I suspect that I am substantially older than you, but I can relate to the thrill of corresponding with a mysterious “friend” whom you have never met. Growing up in the fifties and sixties — long before we had coined the word email — having pen pals was almost a rite of passage, and I had several. With them, I didn’t need to be the awkward, shy, bookish nerd that my classmates saw. And of course, since I really knew next-to-nothing about my correspondents, I could color in the empty spaces and make them into the friends that I thought I needed. Funny, while I still recall the excitement of coming home from school and finding a letter from one of my “pals,” I can’t actually remember any of their names.
Today, of course, we have email and social media (which, I have reluctantly embraced because it is apparently the only way to communicate with twenty-something grandchildren who live in another state and who assume that the post office disappeared along with the horse and buggy). Having retired last year from a long career on the mainland and returned home to Hawaii, I am both amused and gratified to now have another pen pal. A close friend that I acquired while working writes me a lengthy, hand-written letter each week, usually running three to four pages of standard notebook paper. He mails it to me in a letter-sized manila envelope, stuffed with clippings from the local newspaper which he deems to be of interest. I regard him as the last practitioner of a dying art form, although — unlike my childhood correspondents — he and I know each other too well to pretend to be anything other than ourselves.

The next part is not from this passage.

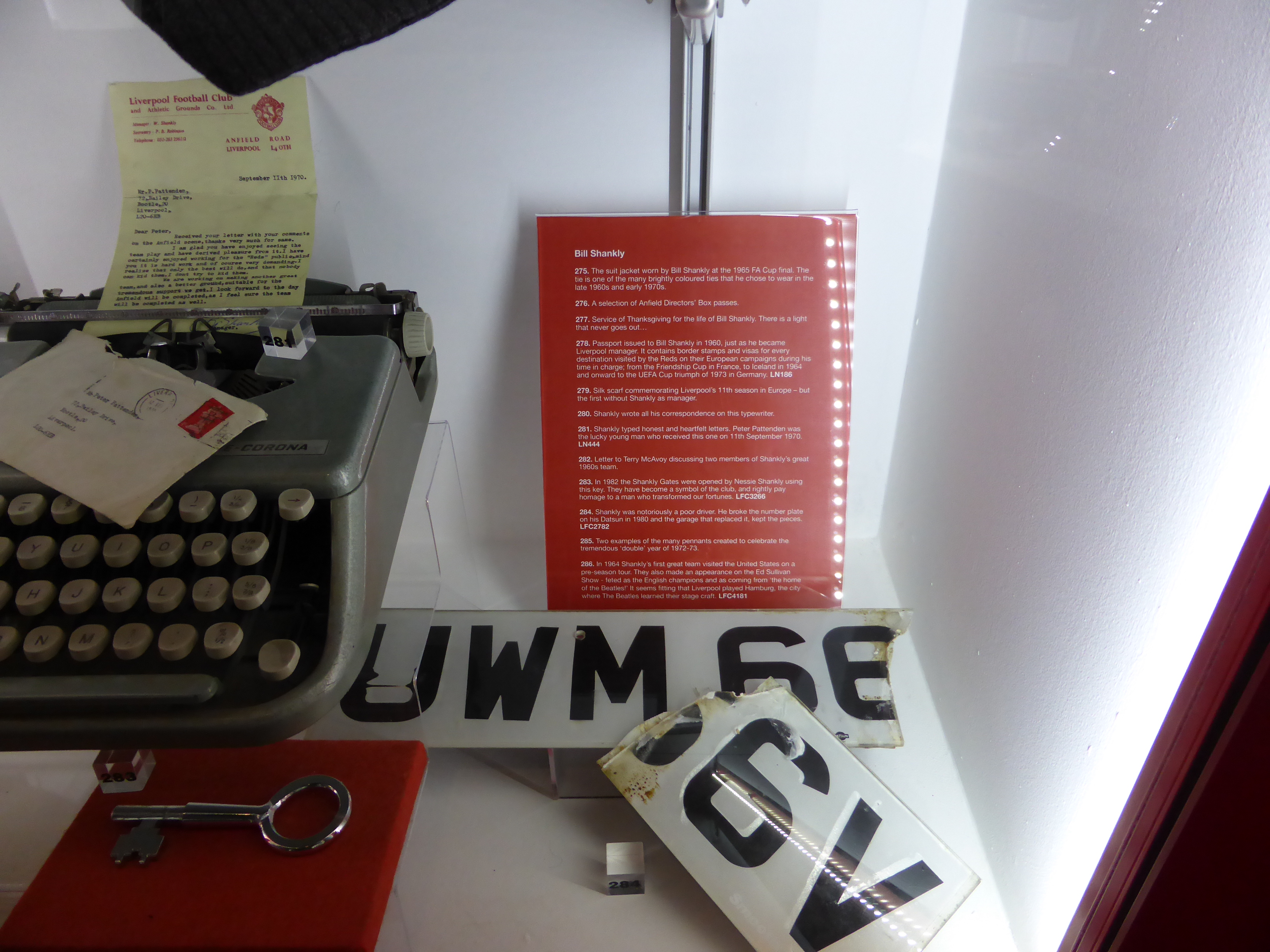 The Liverpool museum possesses several objects from the early days of the club. The “birth certificate”, a tender for building the first stand, a director’s walking stick with the Liverbird from 1892, a turnstile, crush barrier and a brick from the old Kop, a WWI rattle found under the Anfield Road stand with the inscription “You Will Hear Us Every Saturday”, old scarves and banners, Bill Shankly’s typewriter, one of his broken number plates (proving that he was a notoriously bad driver), and a selection from Bob Paisley’s travelling medical kit.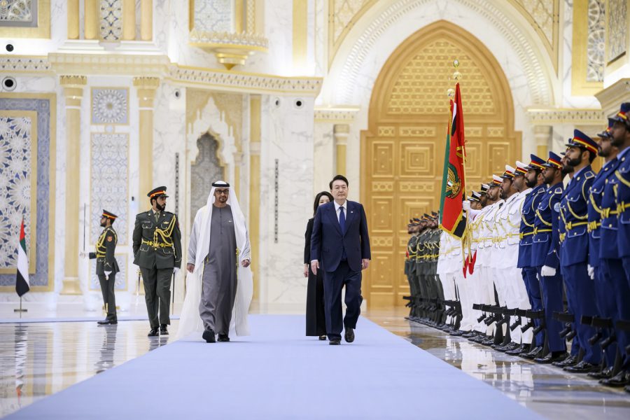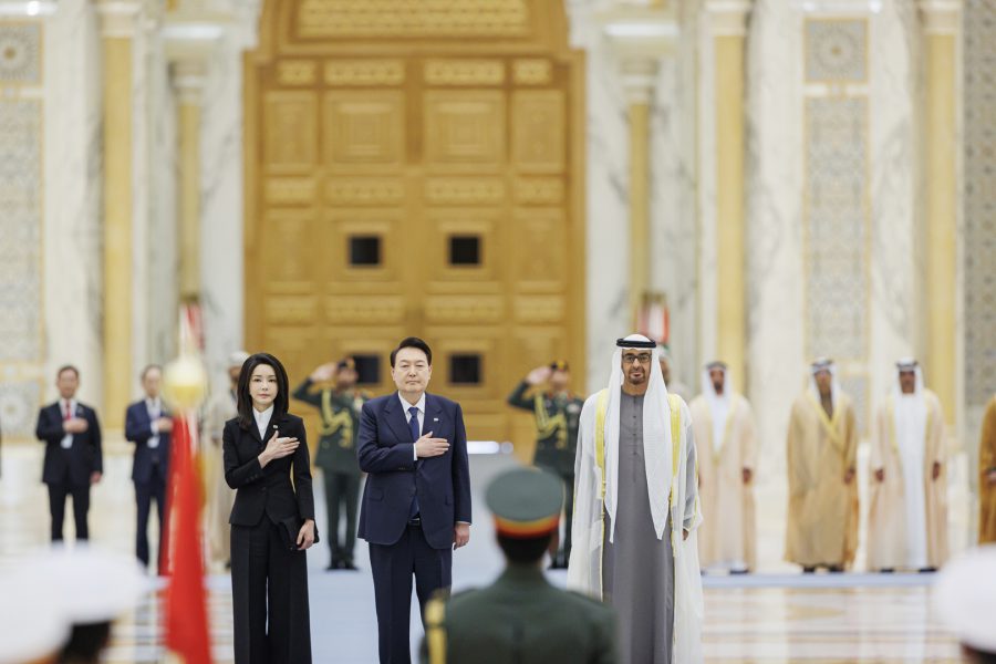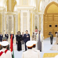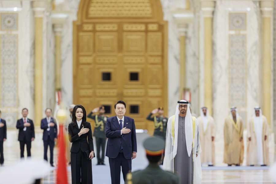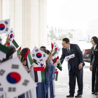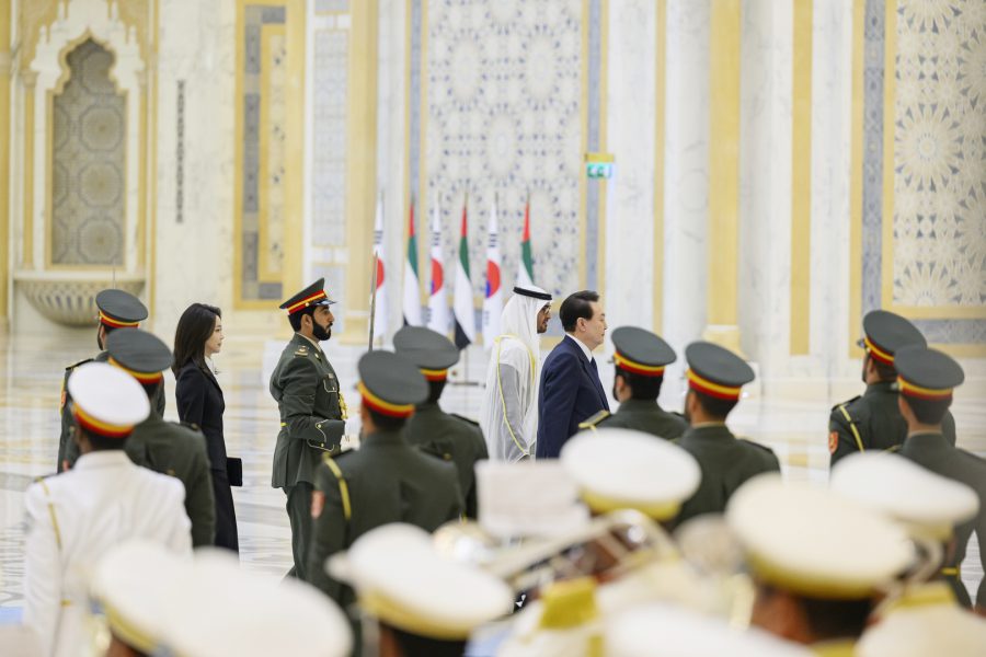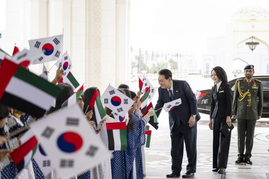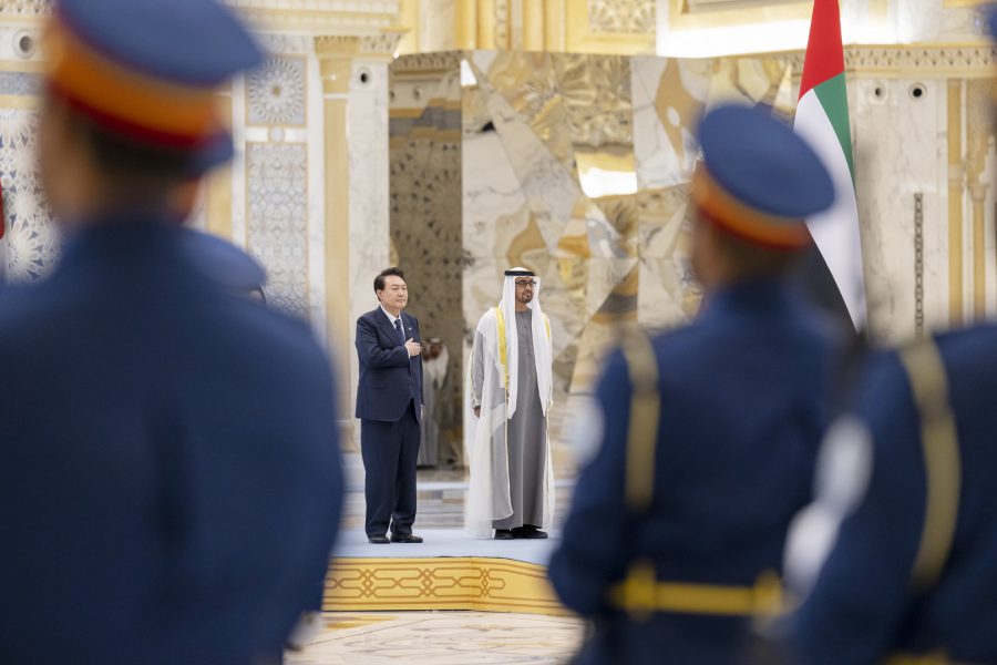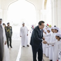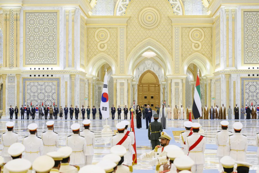وجرت لفخامة الرئيس يون سيوك يول مراسم استقبال رسمية لدى وصول موكبه قصر الوطن في العاصمة أبوظبي ترافقه مجموعة من الفرسان على صهوات الخيول العربية الأصيلة.

Thank you, Laura Jane, for a well-written article that took me back many years. Pen pals fall into that nebulous realm between imaginary friends and real ones. We are social animals who not only crave but actually require human connection and pen pals, like Facebook “friends,” allow us to establish those connections on our own terms. If there is a loving God, one suspects that he or she will kindly overlook the occasional white lies that we exchange in that process. And I am betting that an older and wiser Andrea has done likewise.